Shaner Nathan C, Lin Michael Z, McKeown Michael R, Steinbach Paul A, Hazelwood Kristin L, Davidson Michael W, Tsien Roger Y
Department of Pharmacology, University of California at San Diego, 9500 Gilman Drive, La Jolla, California 92093, USA.
Nat Methods. 2008 Jun;5(6):545-51. doi: 10.1038/nmeth.1209. Epub 2008 May 4.
All organic fluorophores undergo irreversible photobleaching during prolonged illumination. Although fluorescent proteins typically bleach at a substantially slower rate than many small-molecule dyes, in many cases the lack of sufficient photostability remains an important limiting factor for experiments requiring large numbers of images of single cells. Screening methods focusing solely on brightness or wavelength are highly effective in optimizing both properties, but the absence of selective pressure for photostability in such screens leads to unpredictable photobleaching behavior in the resulting fluorescent proteins. Here we describe an assay for screening libraries of fluorescent proteins for enhanced photostability. With this assay, we developed highly photostable variants of mOrange (a wavelength-shifted monomeric derivative of DsRed from Discosoma sp.) and TagRFP (a monomeric derivative of eqFP578 from Entacmaea quadricolor) that maintain most of the beneficial qualities of the original proteins and perform as reliably as Aequorea victoria GFP derivatives in fusion constructs.

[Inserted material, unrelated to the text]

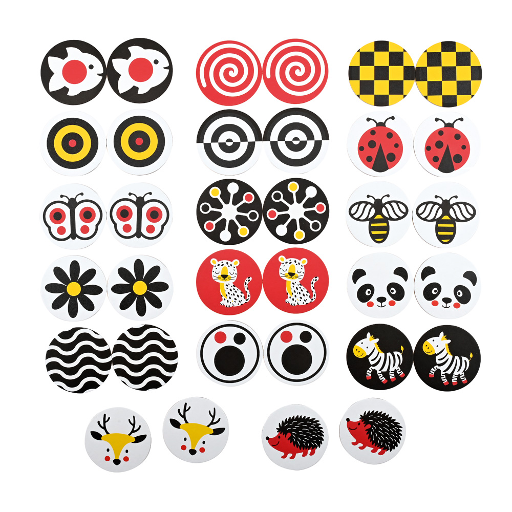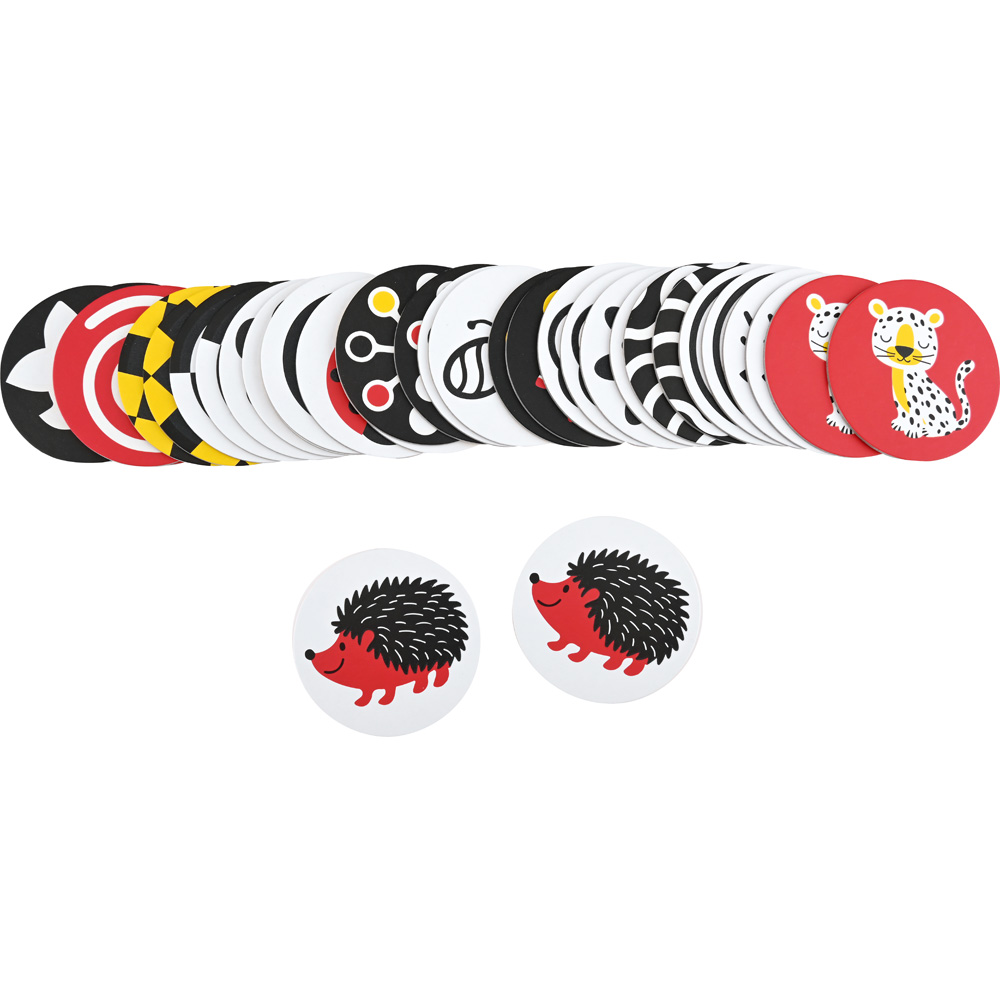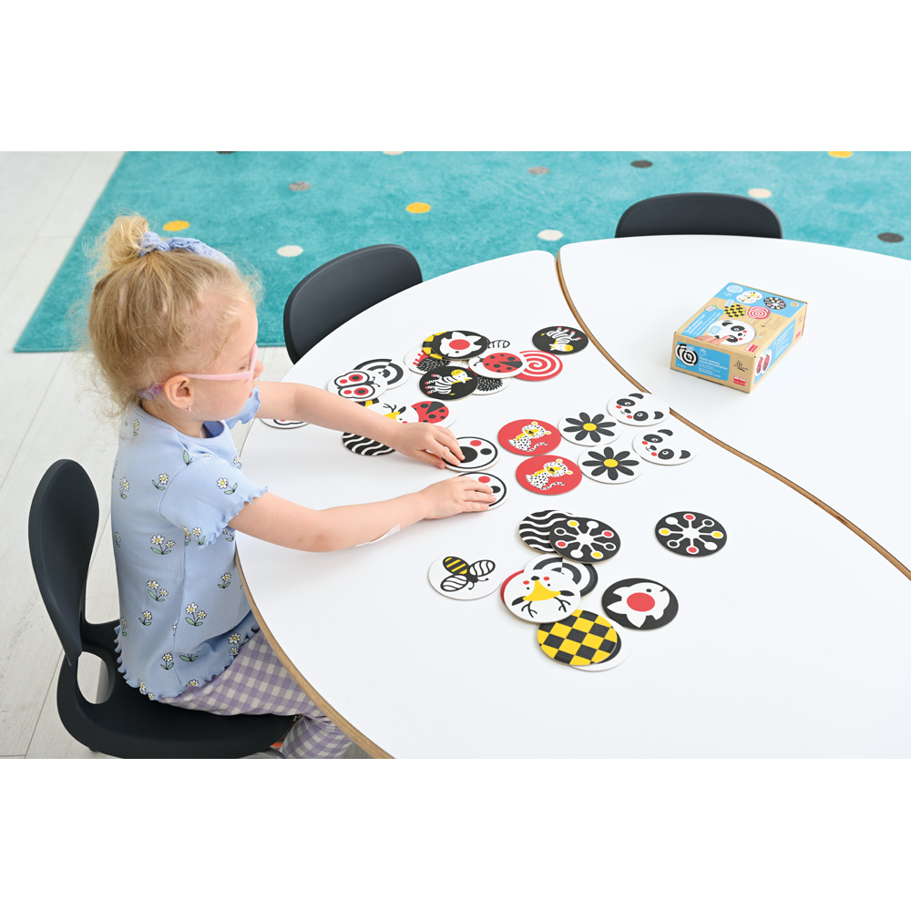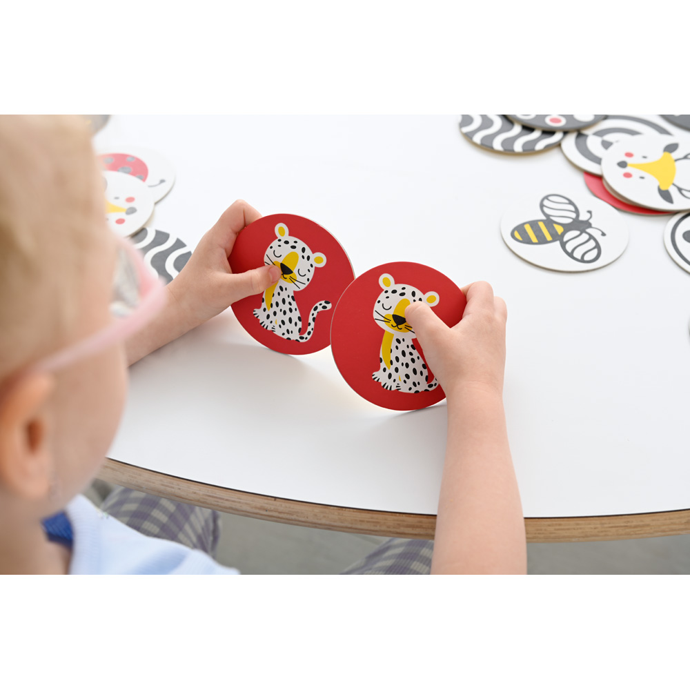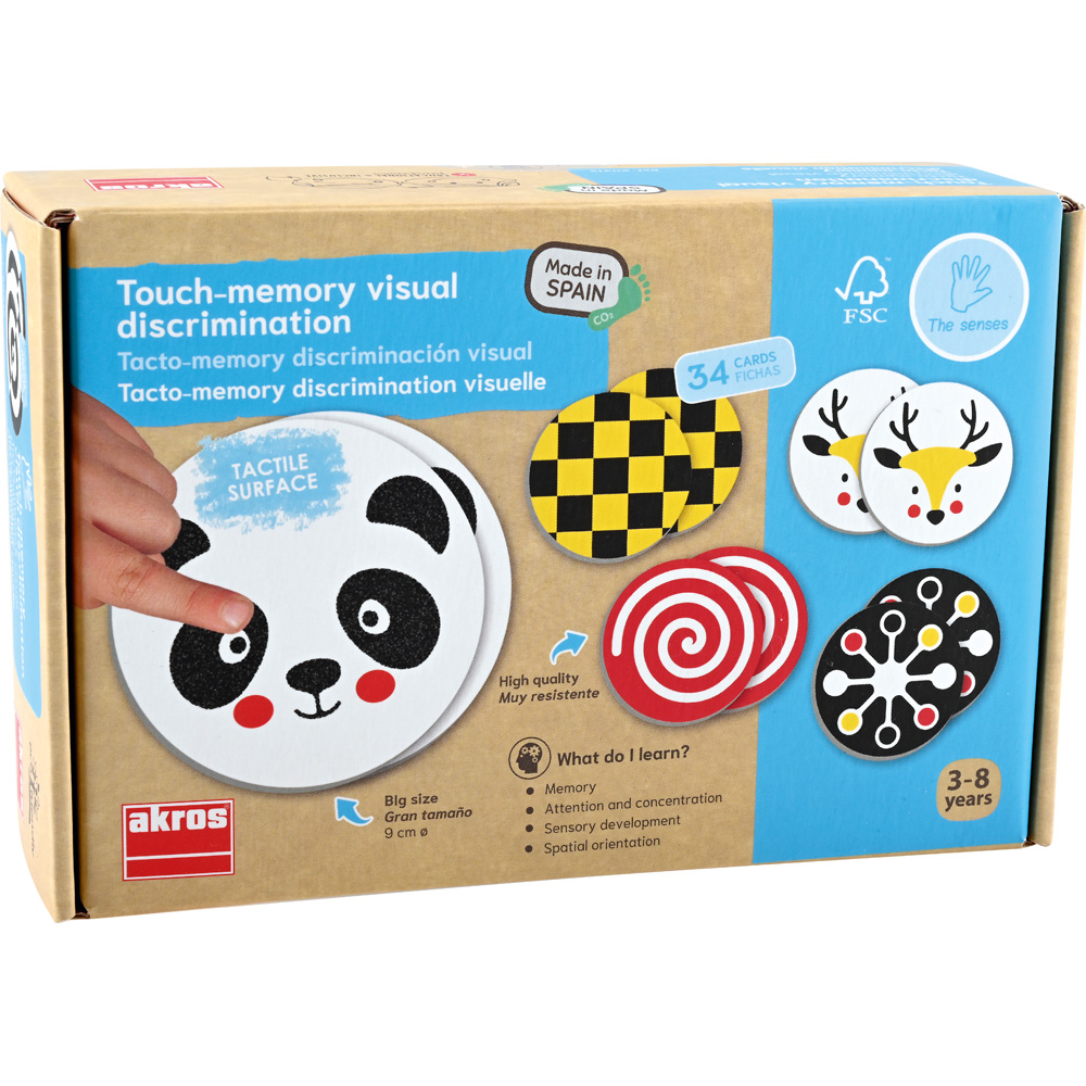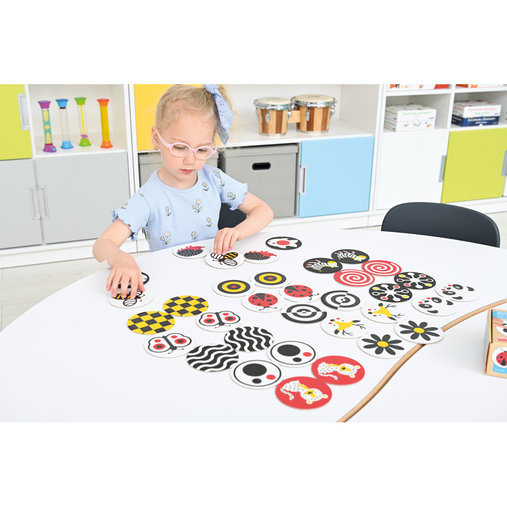 Die runden farbenfrohen Karten haben eine raue Textur. Beim Ertasten entwickeln die Kinder ein visuelles und haptisches Unterscheidungsvermögen. Die Karten eignen sich sehr gut für klassische Gedächtnisspiele oder Spiele zur Entwicklung des taktilen Gedächtnisses. Das Spiel wird für Kinder mit Sehbehinderung empfohlen.

在长时间光照下,所有有机荧光团都会发生不可逆的光漂白。尽管荧光蛋白的漂白速度通常比许多小分子染料慢得多,但在许多情况下,光稳定性不足仍然是需要对单个细胞进行大量成像的实验的一个重要限制因素。仅关注亮度或波长的筛选方法在优化这两个特性方面非常有效,但此类筛选中缺乏对光稳定性的选择压力会导致所得荧光蛋白出现不可预测的光漂白行为。在此,我们描述了一种用于筛选荧光蛋白文库以增强光稳定性的检测方法。通过该检测方法,我们开发了mOrange(来自盘状珊瑚属(Discosoma sp.)的DsRed的波长偏移单体衍生物)和TagRFP(来自四色海葵(Entacmaea quadricolor)的eqFP578的单体衍生物)的高光稳定性变体,这些变体保留了原始蛋白的大部分有益特性,并且在融合构建体中的表现与维多利亚水母(Aequorea victoria)绿色荧光蛋白衍生物一样可靠。